Сколько мотовства, вообще говоря, в нашей теперешней косной, негибкой
системе!  Если  бы  фермер  мог  освободиться  с  фабрики  на  время  пахоты,
сева  и  жатвы  (которые,  в  конце  концов,  занимают  только  часть  года),
а  строительный  рабочий  после  зимней  работы  мог  освобождаться  для

своего  полезного  ремесла,  насколько  нам  было  бы  лучше  и  насколько
беспрепятственно вертелся бы мир!
Что  было  бы,  если  бы  мы  все  отправились  весной  и  летом  в  деревню,
чтобы  вести  три-четыре  месяца  здоровую  жизнь  земледельца!  Нам
не приходилось бы говорить о «застое».
В деревне тоже есть свой мертвый сезон, когда фермеру надлежало бы
отправиться  на  фабрику  для  того,  чтобы  помогать  в  производстве
необходимых в его хозяйстве вещей.
И у фабрики бывает свой мертвый сезон, и тогда рабочий должен был
бы отправиться в деревню и помогать возделывать землю. Таким образом,
у  всех  появилась  бы  возможность  избежать  застоя,  уравновесить
городскую жизнь деревенской.
Одной  из  самых  больших  выгод,  которую  мы  достигли  бы  при  этом,
стало  бы  гармоничное  мировоззрение.  Объединение  различных  занятий
не  только  выгодно  с  материальной  точки  зрения  –  оно  позволяет  нам
расширить  мыслительные  горизонты  и  более  верно  судить  о  наших
ближних.  Будь  наша  работа  разнообразнее,  изучай  мы  также  и  другие
стороны  жизни,  понимай  мы,  насколько  мы  необходимы  друг  другу,  мы
были  бы  терпимее.  Каждый  выиграл  бы  от  временной  работы  под
открытым небом.
Все  это  достижимо.  Истинное  и  желанное  никогда  не  бывает
недостижимым.  Для  этого  требуется  только  немного  совместной  работы,
немного  меньше  жадности  и  тщеславия  и  немного  больше  уважения
к жизни. Богатые люди хотят путешествовать по три-четыре месяца в году
и  праздно  проводить  время  на  каком-нибудь  элегантном  летнем  или
зимнем курорте. Бо́льшая часть американцев хотела бы тратить свое время
иначе, даже если бы получила такую возможность. Но она согласилась бы
совмещать свою обычную работу с сезонным трудом на открытом воздухе.

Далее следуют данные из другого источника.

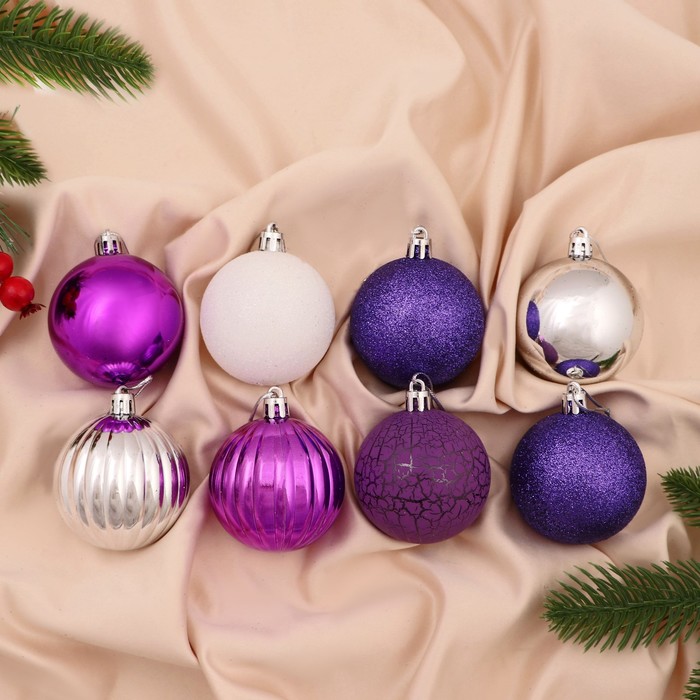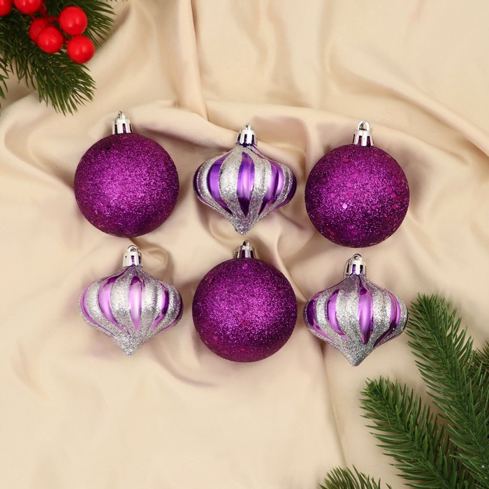 Ёлочные игрушки «Агнет», набор 6 шт., d=6 см, серебристо - фиолетовый

Почти  не  приходится  сомневаться  в  том,  что  бо́льшая  часть
беспокойства  и  недовольства  всюду  проистекает  из  ненормального  образа
жизни.  Людей,  которые  из  года  в  год  делают  одно  и  то  же,  лишены
солнечного  света  и  выключены  из  широкой  свободной  жизни,  трудно
упрекать  в  том,  что  они  видят  жизнь  искаженной.  Это  касается
и бизнесменов, и рабочих.
Что  мешает  нам  вести  нормальную,  здоровую  жизнь?  Разве
промышленное  производство  мешает  способным  людям  заниматься
различными  ремеслами?  На  это  можно  возразить,  что  производство
пострадало  бы,  если  бы  толпы  промышленных  рабочих  ежегодно  летом
отъезжали  из  фабричных  городов.  Но  мы  не  должны  забывать,  какая

энергия  одушевила  бы  эти  толпы  после  трех-четырехмесячной  работы
на  свежем  воздухе.  Стоит  вспомнить  и  о  том,  насколько  изменится
стоимость существования в результате всеобщего возвращения в деревню.

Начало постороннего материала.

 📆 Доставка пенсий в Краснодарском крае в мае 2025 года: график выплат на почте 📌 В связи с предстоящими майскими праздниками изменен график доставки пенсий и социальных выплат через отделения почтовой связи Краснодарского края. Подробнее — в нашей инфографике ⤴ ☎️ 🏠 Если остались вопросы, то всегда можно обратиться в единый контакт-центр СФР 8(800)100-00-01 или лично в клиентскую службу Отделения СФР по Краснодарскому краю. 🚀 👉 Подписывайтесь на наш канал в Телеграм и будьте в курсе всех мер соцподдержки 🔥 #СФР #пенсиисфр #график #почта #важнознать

Мы  сами  частично  осуществили  такое  слияние  сельскохозяйственных
и  фабричных  работ.  В  Нортвилле,  близ  Детройта,  у  нас  есть  маленький
вентиляторный  завод.  Организация  и  управление  производством  там
довольно  просты,  так  как  производится  всего  один  продукт.  Мы
не  нуждаемся  в  квалифицированных  рабочих,  так  как  все  «уменье»

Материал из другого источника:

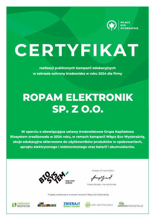 W ramach kampanii „Włącz Eco Wyobraźnię”, firma Biosystem zrealizowała dla Ropam Elektronik działania edukacyjne promujące postawy proekologiczne oraz odpowiedzialne gospodarowanie odpadami.
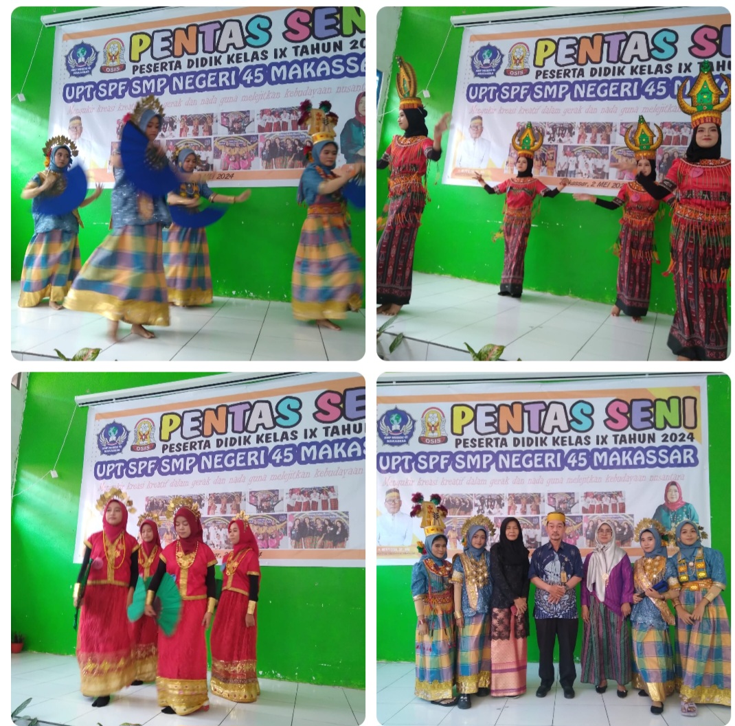 “Peserta didiknya semua hebat dan semua bisa tampil. Mampu mengubah pola pikir yang kurang benar membatasi bakat siswa,” tutup Kepala UPT SPF SMPN 45 Makassar, Hj. Hamriah, S. Pd, M. Pd,.
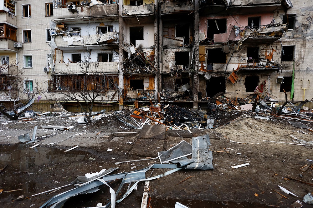 A damaged residential building is seen, after Russia launched a massive military operation against Ukraine, in Kyiv, Ukraine February 25, 2022. – Reuters pic

заменяет  техника.  Местные  сельские  жители  работают  часть  года
на  заводе,  другую  –  на  фермах,  потому  что  хозяйство,  в  котором
применяется техника, требует немного заботы. В качестве движущей силы
выступает вода.
Довольно
большая
фабрика
строится
сейчас
во
Флэт-Рок,
приблизительно  в  15  английских  милях  от  Детройта.  Мы  запрудили  реку.
Плотина служит одновременно мостом для Детройт-Толедо-Айронтонской
железной  дороги,  которой  нужен  был  новый  мост,  и  общественной
проезжей дорогой. Мы намереваемся производить здесь стекло. Дамба дает
нам  достаточное  количество  воды,  чтобы  мы  могли  доставлять  водным
путем  главную  массу  нашего  сырья.  Она  снабжает  нас,  кроме  того,
электричеством  с  помощью  гидроэлектростанции.  Поскольку  фабрика
расположена  в  центре  сельскохозяйственного  округа,  то  перенаселения
можно  не  бояться.  Рабочие  будут  обрабатывать  свои  сады  или  поля,
расположенные  в  окружности  15–20  миль,  потому  что  сегодня  рабочий
может  ездить  на  фабрику  на  автомобиле.  Так  что  нам  удалось  соединить
сельское хозяйство и промышленность.
Мнение,  что  промышленное  государство  должно  концентрировать
свою промышленность в нескольких центрах, на мой взгляд, неверно. Это
необходимо только на промежуточной стадии развития. Чем дальше будет
развиваться  промышленность,  чем  быстрее  мы  научимся  производить
изделия  со  сменными  частями,  тем  лучше  станут  условия  на  заводах.
А  лучшие  условия  для  рабочих  выгодны  всей  промышленности.
Гигантский  завод  не  выстроить  на  маленькой  реке.  Но  на  маленькой  реке
можно  построить  маленькую  фабрику,  а  совокупность  маленьких  фабрик,
из  которых  каждая  выпускает  только  одну  часть  продукта,  обойдется
дешевле,  чем  один  огромный  завод.  Правда,  существуют  некоторые
исключения,  например  литейные  заводы.  В  случаях,  как  в  Ривер-Руж,  мы
стараемся  соединить  месторождение  металла  с  литейным  производством.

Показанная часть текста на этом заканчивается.